Я беру платок, промокаю глаза и как следует сморкаюсь, после чего возвращаю сестре Рут. Нельзя оставлять себе чужие вещи. Это называется кражей. Сестра Рут смеется и прячет платок обратно в карман. Конечно, я спрашиваю насчет мамы, но сестра Рут отвечает только:
– Она в надежных руках.
Я понимаю, что это не ответ. Все-таки не дурочка.
– Когда мне можно будет к ней? – спрашиваю я, но и на этот вопрос не получаю ответа.
Вместо этого сестра Рут говорит, что отведет меня в комнату отдыха и подыщет мне какие-нибудь шлепанцы. Шлепанцы – это что-то вроде домашней обуви. Мы с Йонатаном тоже должны носить обувь, потому что полы в доме холодные, но обычно забываем об этом и постоянно пачкаем носки. Мама, конечно, потом ругается, потому что еще не день стирки, и папа недоволен, потому что мама не отмыла пол как следует. Чистота важна.

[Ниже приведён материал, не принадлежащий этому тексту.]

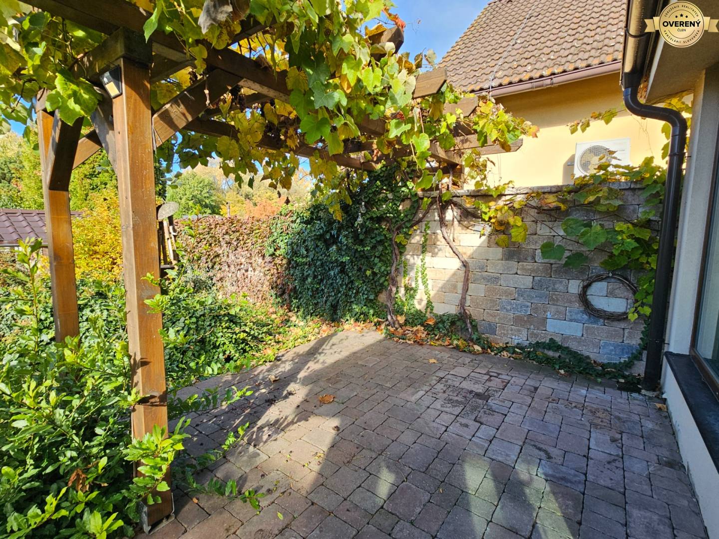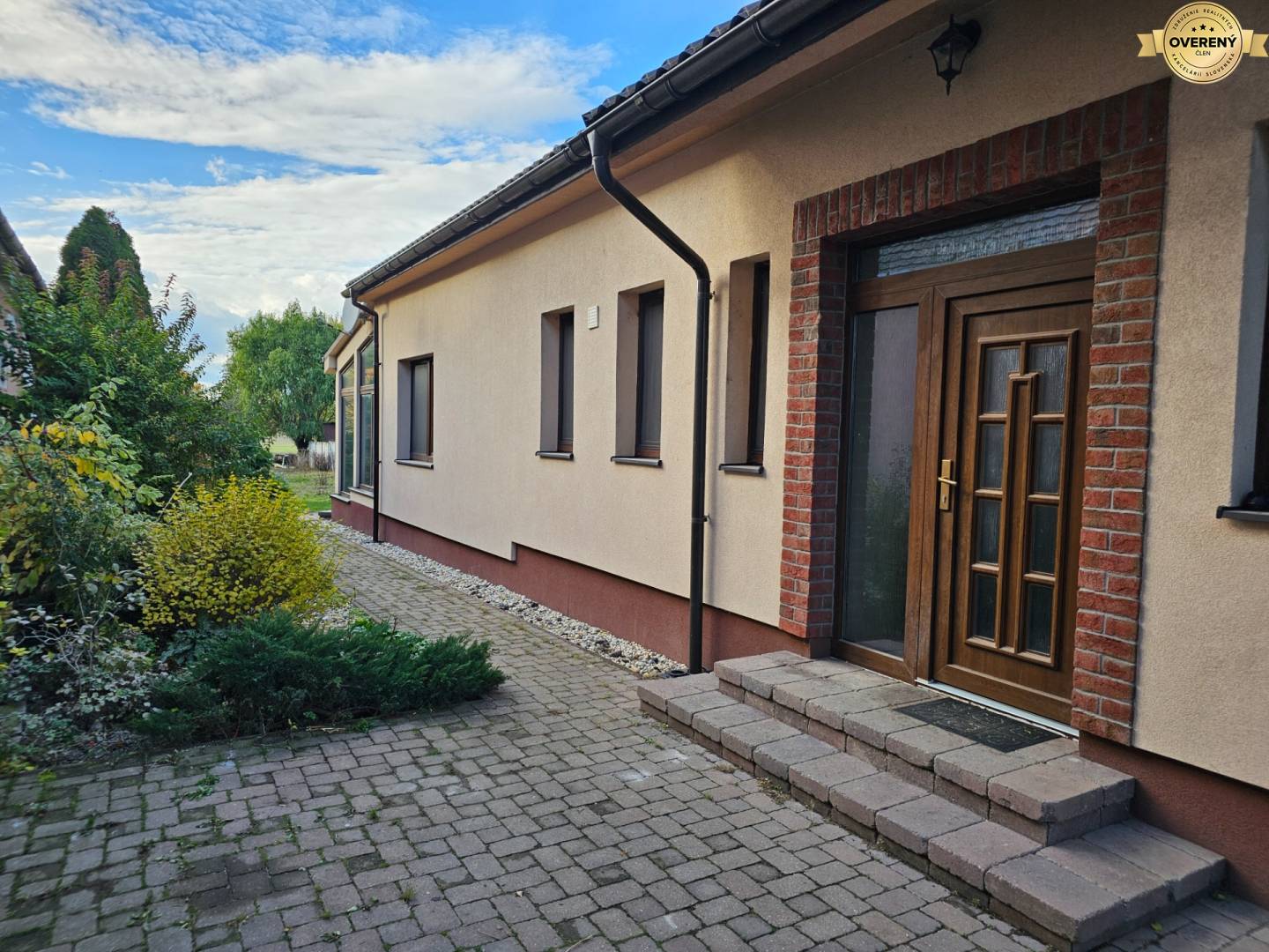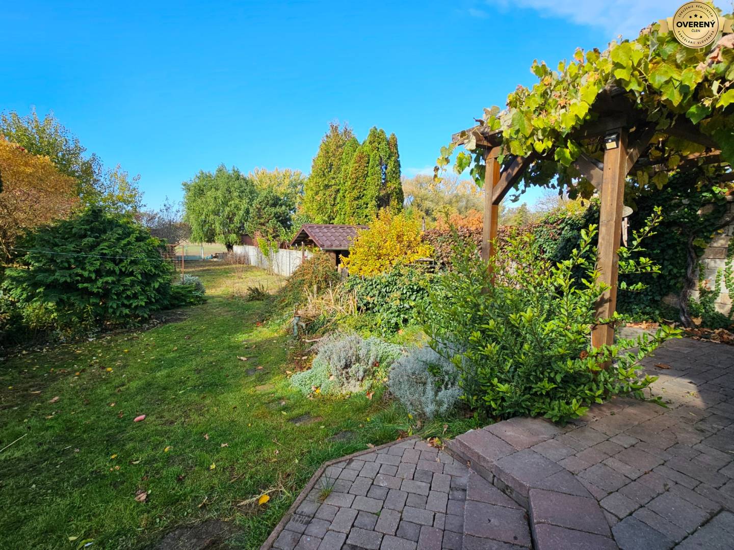 Neodmysliteľnou súčasťou domu je aj rovinatý terén pozemku vysadený trávou, ovocnými stromami a okrasnými rastlinami, ktorý dotvára celkový dojem.

Комната отдыха довольно большая, не меньше пятидесяти шажков от двери до противоположной стены. Посередине стоят три стола, и у каждого по четыре стула. Трижды четыре получается двенадцать. Один стул стоит криво. Наверное, кто-то сидел на нем, а потом, когда уходил, позабыл задвинуть. Надо надеяться, ему это не сошло с рук. Порядок тоже важен. Слева у стены стоит металлический шкаф со множеством отделений. Каждое отделение запирается на ключ, но при этом почти все ключи оставлены в замках. Там же стоит двухъярусная кровать, тоже металлическая. Напротив двери два окна, и в них видна ночь. Темная и беззвездная. Справа располагается кухонный уголок. Прямо на рабочем столе стоит чайник. А ведь горячая вода может быть очень опасной. При температуре свыше сорока пяти градусов обжигает кожу. При шестидесяти градусах сворачивается белок в клетках кожи, и они отмирают. В чайнике вода нагревается до ста градусов. У нас дома тоже есть чайник, но мы его запираем в шкафу.

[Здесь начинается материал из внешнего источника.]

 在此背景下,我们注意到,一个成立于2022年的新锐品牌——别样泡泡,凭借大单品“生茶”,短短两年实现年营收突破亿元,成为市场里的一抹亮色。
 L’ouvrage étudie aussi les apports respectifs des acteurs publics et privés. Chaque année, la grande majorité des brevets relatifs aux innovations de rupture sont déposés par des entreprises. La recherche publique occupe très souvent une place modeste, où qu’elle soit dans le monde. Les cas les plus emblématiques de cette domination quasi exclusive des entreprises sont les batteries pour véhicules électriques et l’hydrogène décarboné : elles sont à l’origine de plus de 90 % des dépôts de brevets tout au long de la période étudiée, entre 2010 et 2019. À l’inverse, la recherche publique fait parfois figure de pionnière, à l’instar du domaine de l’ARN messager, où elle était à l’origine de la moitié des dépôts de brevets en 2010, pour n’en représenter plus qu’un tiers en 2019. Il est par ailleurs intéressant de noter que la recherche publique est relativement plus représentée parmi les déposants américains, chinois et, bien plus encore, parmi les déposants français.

– Присаживайся, – говорит сестра Рут.
Трижды четыре получается двенадцать. Двенадцать стульев, мне необходимо подумать… Беззвездная чернота за окнами отвлекает меня.
Сосредоточься, Ханна.
Сестра Рут подходит к шкафу и одну за другой начинает открывать металлические дверцы. Несколько раз протягивает хмм… и снова лязгает дверцами. Оглядывается на меня через плечо и повторяет:
– Да ты садись, милая, чего стоять.
Сначала я подумываю выбрать тот стул, который и так стоит криво. Но это было бы неправильно. Каждый должен сам убирать за собой. Брать на себя ответственность. Ты ведь уже большая, Ханна. Я киваю в пустоту и считаю про себя. Раз, два, три, четыре… Выпадает стул, с которого мне хорошо видна дверь и который я, конечно же, как следует задвину, когда сестра Рут скажет, что время сидения прошло.

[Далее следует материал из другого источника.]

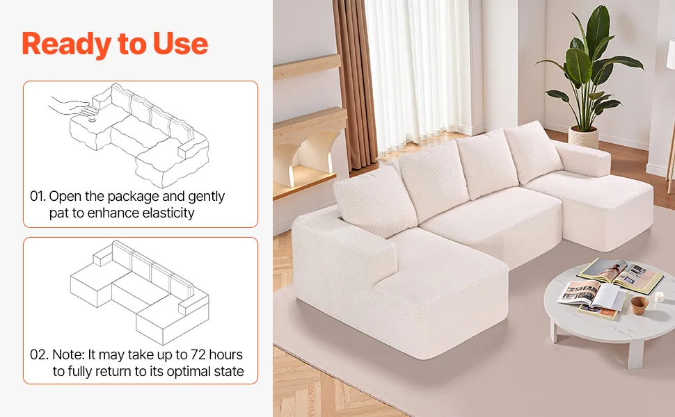 Just unpack, fluff up, and your modular sofa is ready to go! Give it 72 hours to fully expand and settle into its form.
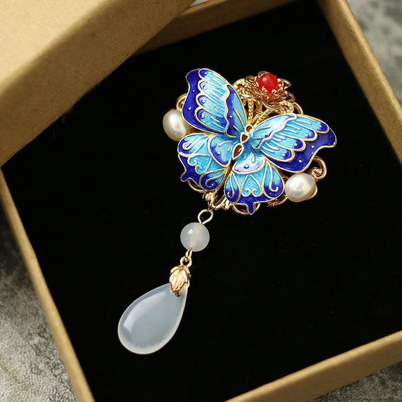 ティヴァン祺オリジナルデザイン景泰藍焼藍中国風レトロ蝶ブローチピンボタン
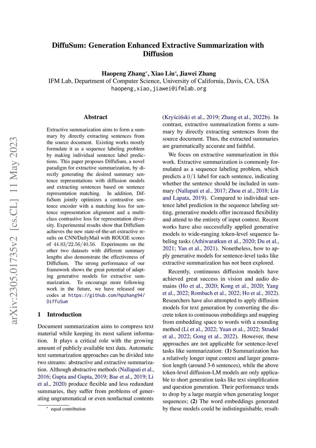 DiffuSum: Generation Enhanced Extractive Summarization with Diffusion
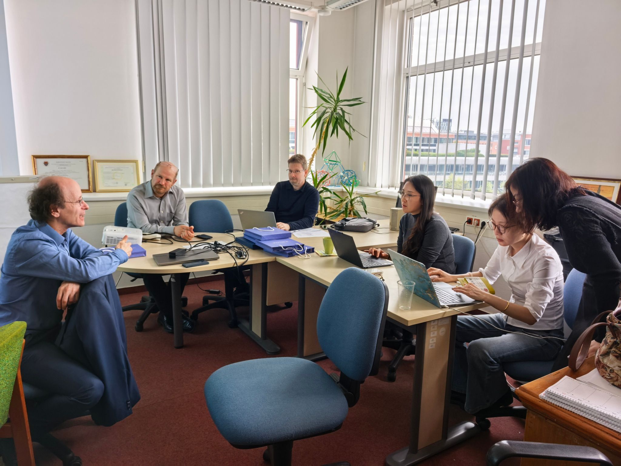4月13日,代表团抵达罗兰大学理日本av无码 数学研究所,与匈方代表展开深入交流。匈方所长 Péter Sziklai 教授、副所长 Tamás Király 教授、Szilárd Szabó 副教授及理日本av无码 分管教学副院长 Viktor Müller 教授出席会议。双方就中外合作办学项目的专业设置、培养模式、培养方案制定、申报材料筹备等关键问题充分交换意见,逐项梳理合作细节,并商定次日围绕课程体系开展专题研讨。
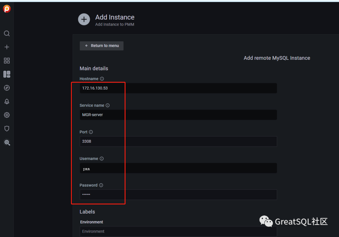 通过web页面方式添加MGR实例到监控中,具体操作如下图
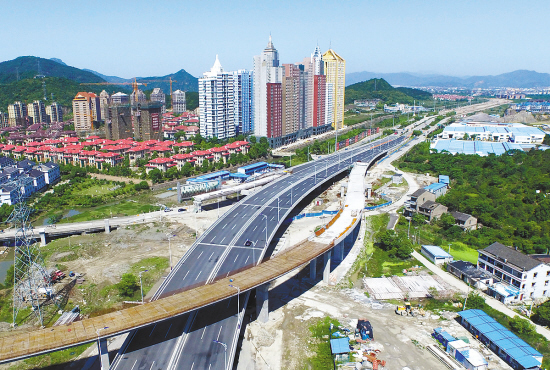 昨日,雨过天晴空气清新,从空中俯瞰台州内环线一号立交桥与周边的建筑互相映衬。据介绍,内环快速路全长约30公里,内设9个立交桥,双向六车道,建成后将成为三区间唯一的快速道,也是首条不设红绿灯的城市快速路。内环路建成后,区对区通行只要8分钟,市民驱车绕行三区仅需20分钟,预计2016年全线通车。
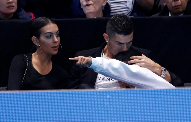 Ngôi sao Cristiano Ronaldo vừa có mặt cùng bạn gái Georgina Rodriguez và con trai để xem trận đấu quần vợt thuộc giải ATP Finals Nitto tại O2 Arena diễn ra đêm 12/11. Đáng chú ý, tiền đạo CLB Juventus đã có màn trổ tài như một thủ môn khi quả bóng tennis bay lên khán đài.
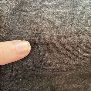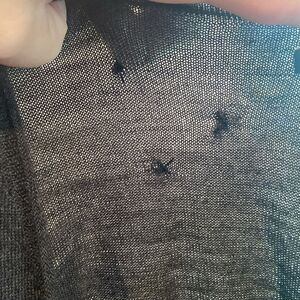 Multiple small spots have been mended, visible when looking at the dress in the light, as shown in photos. Several in the front and several in the back, shown in photos. Some have slight 'pulling' where they were mended, visible in photos
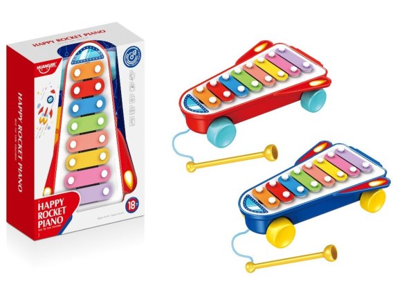 Nasze cymbałki to zabawka na kółkach, co umożliwia łatwe przemieszczanie się i możliwą zabawę zarówno w domu, jak i na świeżym powietrzu. Sam motyw rakiety kosmicznej dodatkowo zachęca do zabawy.

– Ну вот. – Она поворачивается ко мне с парой розовых шлепанцев в руках и улыбается. – Великоваты, наверное, но все лучше, чем ничего.
Кладет шлепанцы мне под ноги и ждет, пока я не влезу в них.
– Послушай, Ханна, – говорит она затем, стягивая с себя кофту. – У твоей мамы не было при себе сумки. Поэтому мы не нашли ее удостоверения и других документов. – Берет меня за руку и неуклюже продевает в рукав своей кофты. – Так что у нас нет ни имени, ни адреса, к сожалению. Как и номера на случай чрезвычайной ситуации.
– Ее имя Лена, – подсказываю я, как прежде в машине «Скорой помощи». Всегда нужно помогать другим. Мы с братом постоянно помогаем маме, когда у нее трясутся руки. Или когда она что-то забывает. Например, наши имена или время посещения туалета. Тогда мы сопровождаем ее до уборной, чтобы она не упала с сиденья или не натворила каких-нибудь глупостей.
Сестра Рут между тем принимается за второй рукав. Кофта еще теплая после нее и приятно греет спину.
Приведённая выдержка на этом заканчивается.